» **TASK TO COMPLETE**: Nothing should appear in the answer except the lines below from the line containing "Fig. 3. Aspecto" through the line containing "Pelikan 2002 było", copied exactly, with pictures left out.

» **PROVIDED RECORDS**:
★ ★ ★ ★ ★

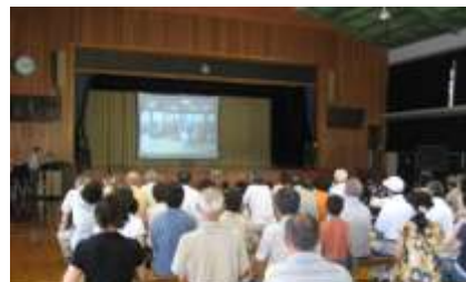
講習会では、踊りの文化や踊り方などについて話していただきました。
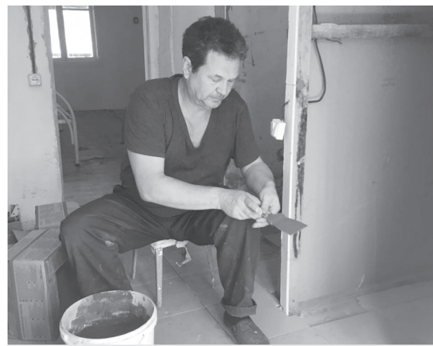
Подготовка к летней оздоровительной кампании в лагере "Дубрава" не останавливается ни на минуту

"Дубрава", в котором также активно ведутся подготовительные работы. Всего в летней оздоровительной кампании в ДОЛ "Дубрава" запланирован отдых 317 человек. Из-за пандемии и связанных с этим ограничений, процент наполняемости детей в отрядах составит 75% от мощности лагеря. Численность отдыхающих не снизится в связи с запланированным запуском дополнительных помещений для размещения детей. Наполняемость в каждом отдельно взятом отряде составит 12 - 18 детей. Что касается сроков начала отдыха: первая смена запланирована с 14 июля по 3 августа, вторая смена - с 6 августа по 26 августа.
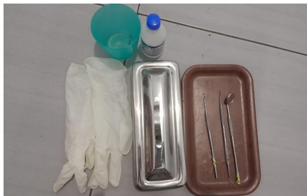
Alat Diagnostik Set
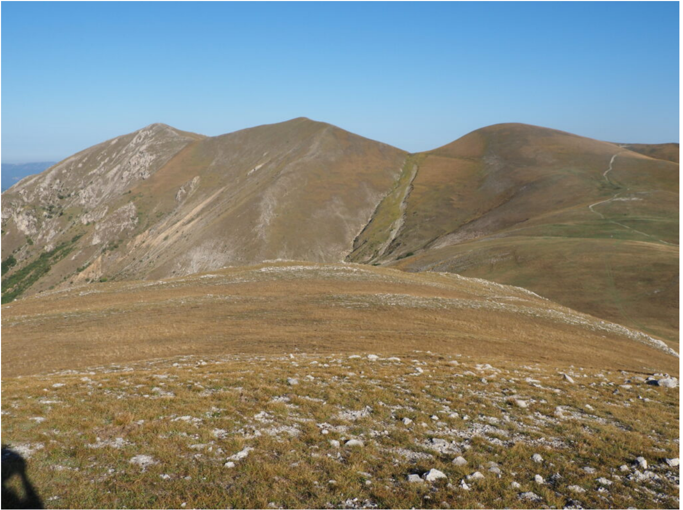
8- Il pianoro ad Ovest del Poggio di Croce con i Monte Patino a sinistra e il Monte delle Rose al centro.
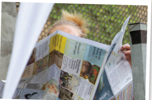
4 jours de découverte !
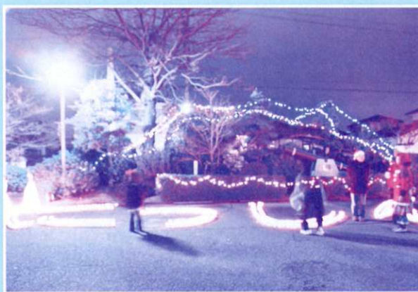
ライトアップで世代間交流

平成26年度にお寄せいただきました募金総額 32,183,740円 は次のような、地域福祉のために活用されます。
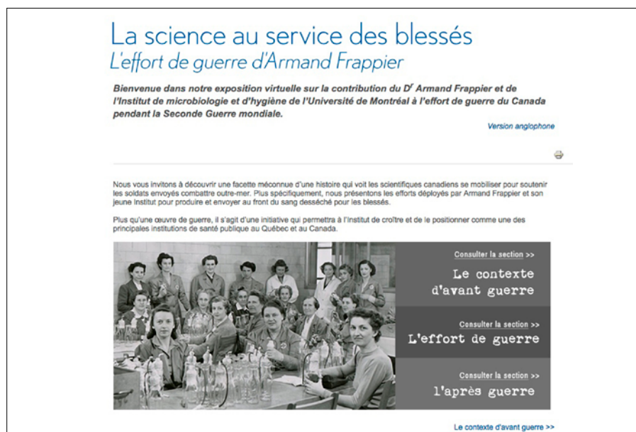
Figure 5: Sobre mais efficace: la page d'accueil de notre exposition virtuelle.

Fort heureusement, nous avons ce plan de rechange: notre propre site Web et mes très compétents collègues du Service des communications de l'INRS. Deux personnes de cette équipe étaient donc prêtes à faire une dernière relecture des textes et à mettre images et textes en ligne dans une interface sobre qui s'harmonisait bien avec le look du site Web de l'INRS.
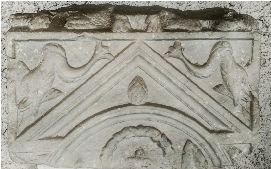
Сл. 3. Фрагмент стеле с круништем из Смедерева

града, такву претпоставку би требало узети с резервом, уз наду да ће будућа археолошка истраживања допринети свеобухватнијем сагледавању ове теме.
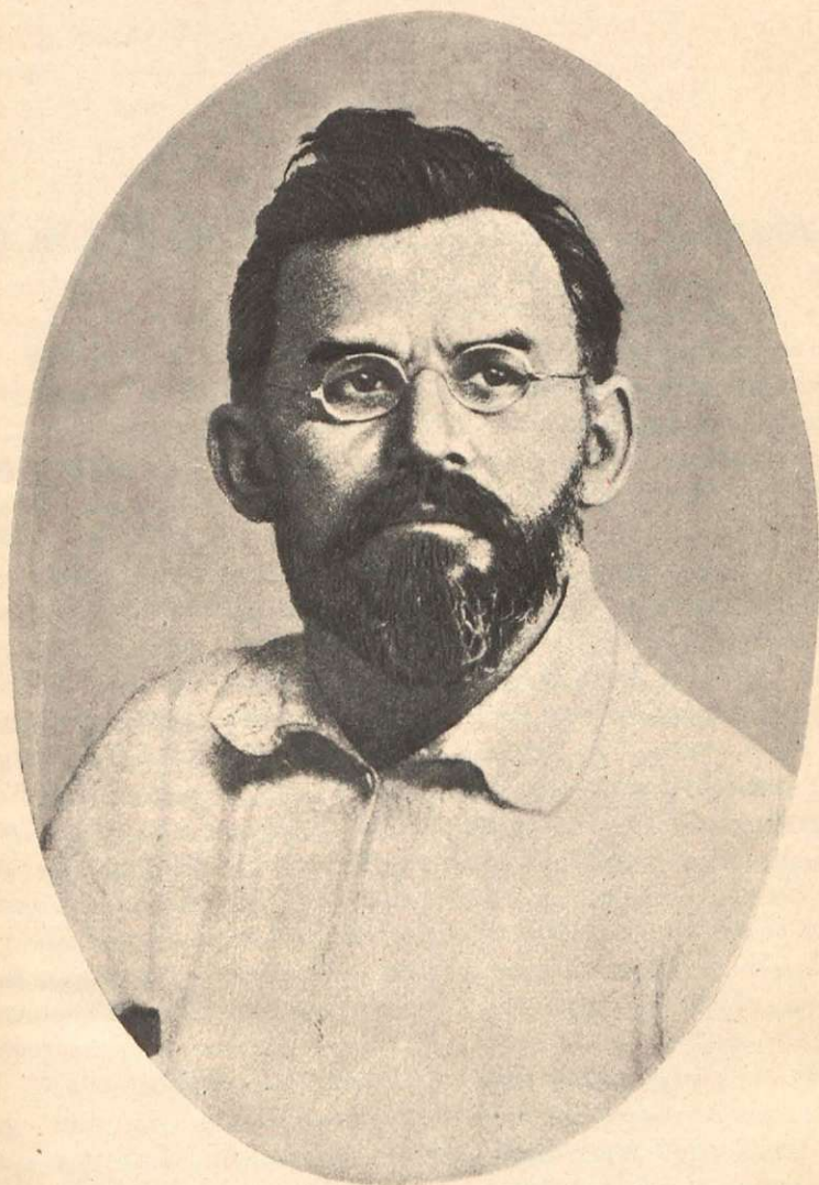
Г. И. ПЕТРОВСКИЙ
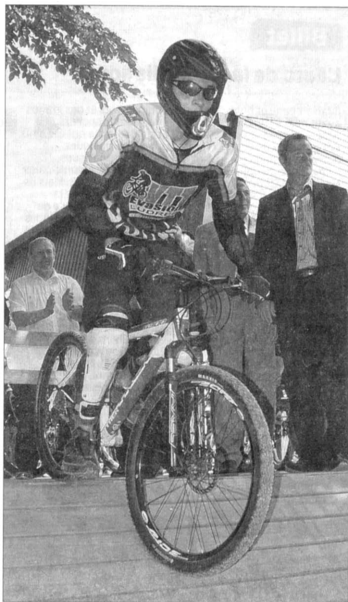
■ Prêt pour la descente vertigineuse.

bleue, rouges (2) et noire, le « VTT Parc » est doublé d'un baby-parc avec son parcours sécurisé en calcaire et cinq modules d'initiation normalisés. Sur le terrain apporté par la ville de Ludres, qui a cofinancé à hauteur de 20 000 € le parc, près de 30 tonnes de calcaire concassé et carrossable ont été nivelées : « Il s'agit d'un gros effort, dont j'espère que les
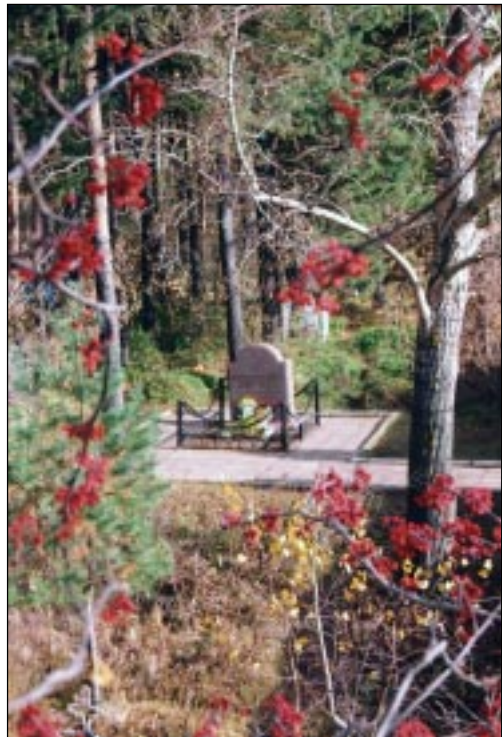
Могила Марины Цветаевой в Елабуге.
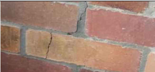
MURO CON FISURAS
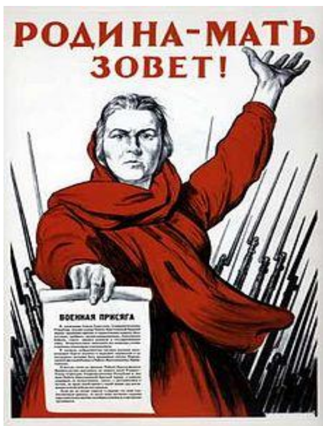
Рис. 2 Родина-мать зовет! Тоидзе, И. (1941)

В заключение следует добавить, что имеем дело с плакатом недостаточно информативного высказывания, поскольку, помимо заголовка плаката, нам не предоставляется никакой дополнительной информации, которая могла бы объяснить обстоятельства и более широкий контекст политических действий. Иными словами, женщина в руке держит военную присягу, текст которой слишком мал, чтобы предложить читателю обратить на нее внимание. По этой причине, хотя данная присяга действительно содержит дополнительный текст, объясняющий что требуется от русских солдат в этот сложный для России период, данный плакат принадлежит к группе плакатов недостаточно информативного высказывания, насыщенного символами.
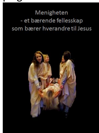
Menigheten - et bærende fellesskap som bærer hverandre til Jesus

Det er alltid en vei tilbake. Den veien går gjennom at vi angrer det gale vi gjør og så ber vi våre medmennesker om tilgivelse. Dernest ber vi Gud om tilgivelse. I Bibelen kalles det omvendelse – å vende om. Vi snur oss da vekk fra det onde og går i motsatt retning, den veien som Jesus vil vi skal gå. Da gir Gud sin nåde på grunn av Jesus. Det er alltid nåde å få for syndere som vender om. (Bilde 33)
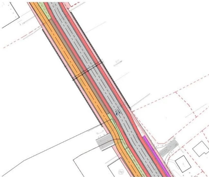
▲ Brug over E17

Het kruispunt met de R8 blijft werken met verkeerslichten maar zal ook hier afgescheiden fietspaden hebben. Bovendien zal de voormalige reservatiestrook ingericht worden als groene as met recreatieve functie en ruimte voor fietsverbindingen.
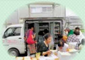
移動販売車を誘致し、皆でお買い物をしている様子

我々の福祉会は60～75歳の総勢14名。チームワークの良さで頑張っていますが、後継者がいないこと、若い世代の入会が少ないことが課題です。
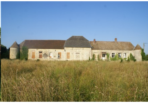
Le manoir vu de l'Ouest
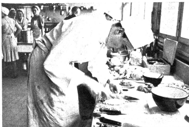
Rechts aussen: Ein Blick in die geordnete Schulküche

Die Berufsberatungsstellen, wie auch das Sekretariat der kantonalen Prüfungs- und Kreiskommission für das Gastgewerbe, Kramgasse 2, Bern, geben gerne jede gewünschte Auskunft. Die gute Leistungsfähigkeit und die grosse volkswirtschaftliche Bedeutung des Gastgewerbes setzen einen hochstehenden Berufsstand voraus.
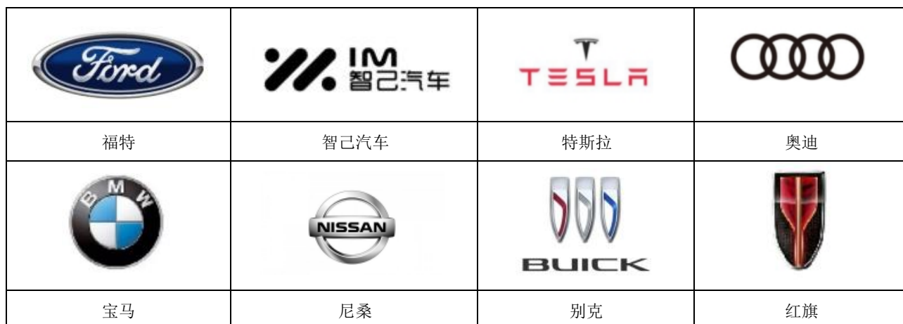
公司产品主要应用品牌

公司主要从事镁合金、铝合金精密压铸产品及配套压铸模具的研发、生产和销售。公司现有主要压铸产品包括汽车显示系统零部件、汽车座椅零部件、新能源汽车动力总成零部件、汽车车灯零部件、汽车中控台零部件等汽车类铸件以及电动自行车功能件及结构件、园林机械零配件等非汽车类铸件。
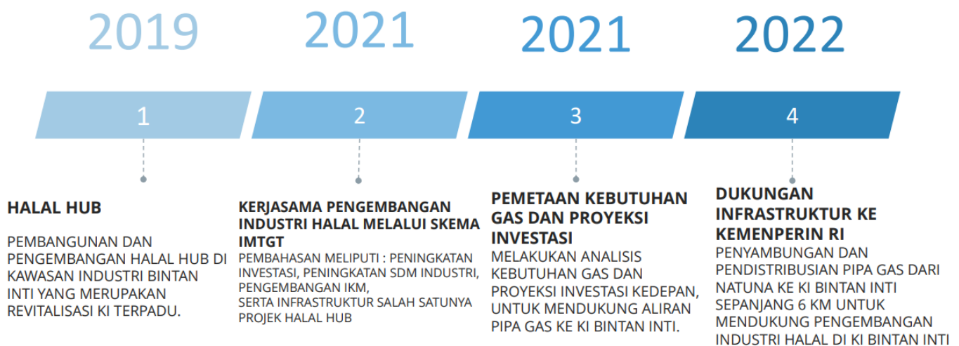
Gambar 2 Milestone Ekosistem Halal di Kepulauan Riau ( 2019-2022)

Sumber Dinas Perindustrian & Perdagangan Kepulauan Riau (2024 )
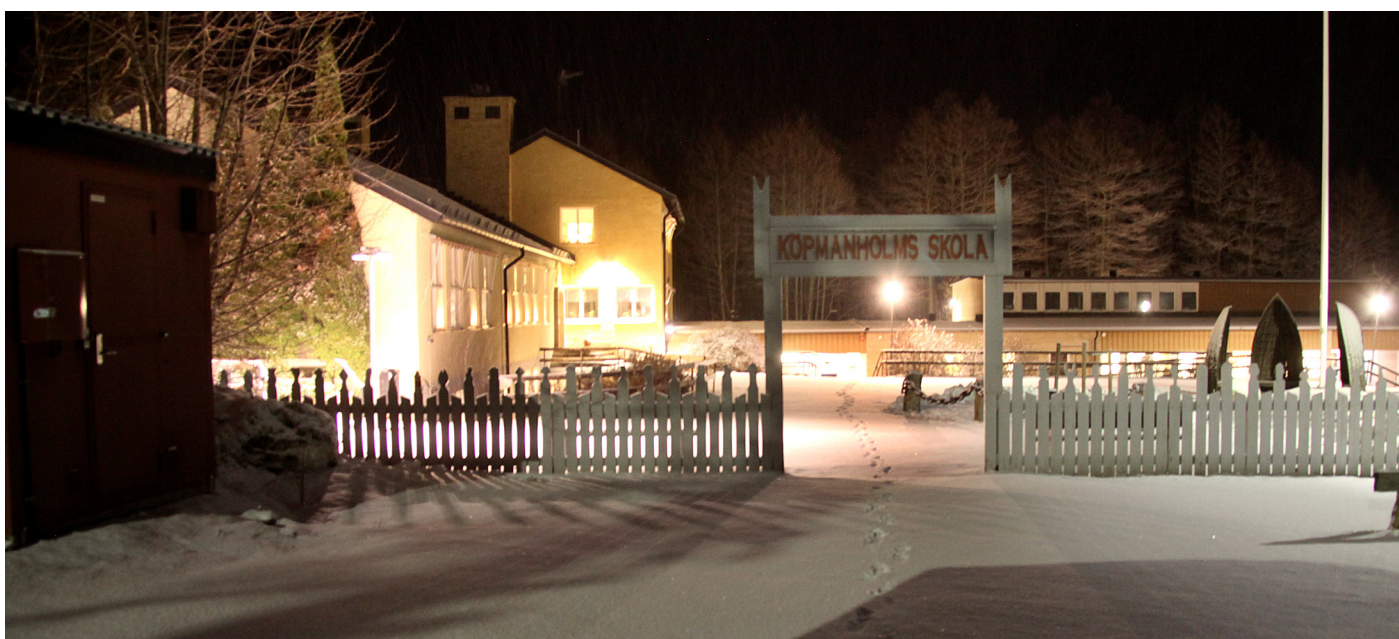
Köpmanholms skola.

Vi sätter skolan först. Många skärgårdsskolor brottas med ett litet elevunderlag och föräldrar med att få ihop skoltransporterna och det egna arbetslivet. Skolskjuts eller rätt till ersättning för egenskjuts ska därför gälla för både skola och fritids. Det ska också vara möjligt att söka förskola och grundskola fritt över kommungränserna, en möjlighet som finns idag när det gäller gymnasiesko-
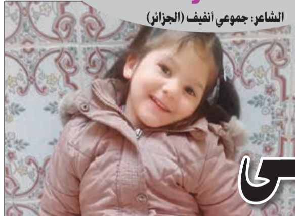
الشاعر: جموعي انثيف (الجزائري)
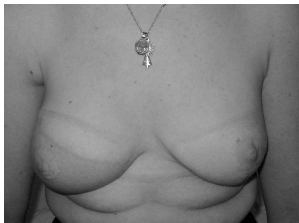
Fig. 3. Aspecto final de la paciente a los 3 meses de la mastectomía profiláctica.
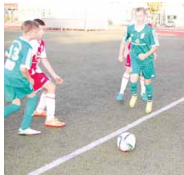
Łowiczanie w meczu z ŁKS-em II byli bez szans

Pelikan 2002 było stać na zdobycie dwóch goli, ale proste błędy w defensywie były wykorzystywane przez rywali i to drużyna z Wiśniowej Góry mogła cieszyć się ze zdobycia kompletu punktów. ever
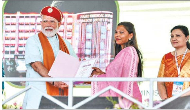
26 के आम बजट में प्रस्तावित 12 लाख रुपये तक की आयकर छूट से वेतनभोगी वर्ग, छोटे व्यवसायी और श्रमिकों को लाभ होगा। उन्होंने गुजरात में सूरत खाद्य सुरक्षा संगठित अभियान का शुभारंभ करने के बाद एक सभा को संबोधित करते हुए कहा, हमने अब तक मुद्रा योजना के तहत गरीब नागरिकों को 32 लाख करोड़ रुपये का ऋण दिया है। जो लोग हमें गाली देते हैं, जिनके पास शून्य सीटें हैं, वे 32 लाख करोड़ रुपये में शून्य नहीं गिन पाएंगे। केंद्र सरकार ने सूक्ष्म और

एजेंसी सूरत। प्रधानमंत्री नरेन्द्र मोदी ने शुक्रवार को कहा कि मुद्रा योजना के तहत केंद्र ने 32 लाख करोड़ रुपये के ऋण दिए हैं। उन्होंने कांग्रेस पार्टी पर कटाक्ष करते हुए कहा कि जिनके पास शून्य सीटें हैं, वे इस राशि के शून्य नहीं गिन सकते हैं। गौरतलब है कि कांग्रेस पांच फरवरी को दिल्ली में हुए विधानसभा चुनावों में अपना खाता खोलने में विफल रही, जहां भाजपा को जीत मिली। यह लगातार तीसरी बार है, जब दिल्ली विधानसभा चुनावों में कांग्रेस को एक भी सीट नहीं मिली। मोदी ने कहा कि एक समय था जब गरीबों को अपने छोटे व्यवसाय के लिए कर्ज लेने के लिए बैंक में प्रवेश करने की भी अनुमति नहीं थी। उन्होंने कहा, बैंक ऋण के बदले गारंटी मांगते थे। गरीब व्यक्ति गारंटी कहाँ से जुटाएगा? इसलिए गरीब मां के बेटे मोदी ने हर गरीब का गारंटर बनने का फैसला किया। प्रधानमंत्री ने कहा कि 2025-

★ ★ ★ ★ ★

» **ANSWER TO THIS EXERCISE**:
Fig. 3. Aspecto final de la paciente a los 3 meses de la mastectomía profiláctica.
Łowiczanie w meczu z ŁKS-em II byli bez szans

Pelikan 2002 było stać na zdobycie dwóch goli, ale proste błędy w defensywie były wykorzystywane przez rywali i to drużyna z Wiśniowej Góry mogła cieszyć się ze zdobycia kompletu punktów. ever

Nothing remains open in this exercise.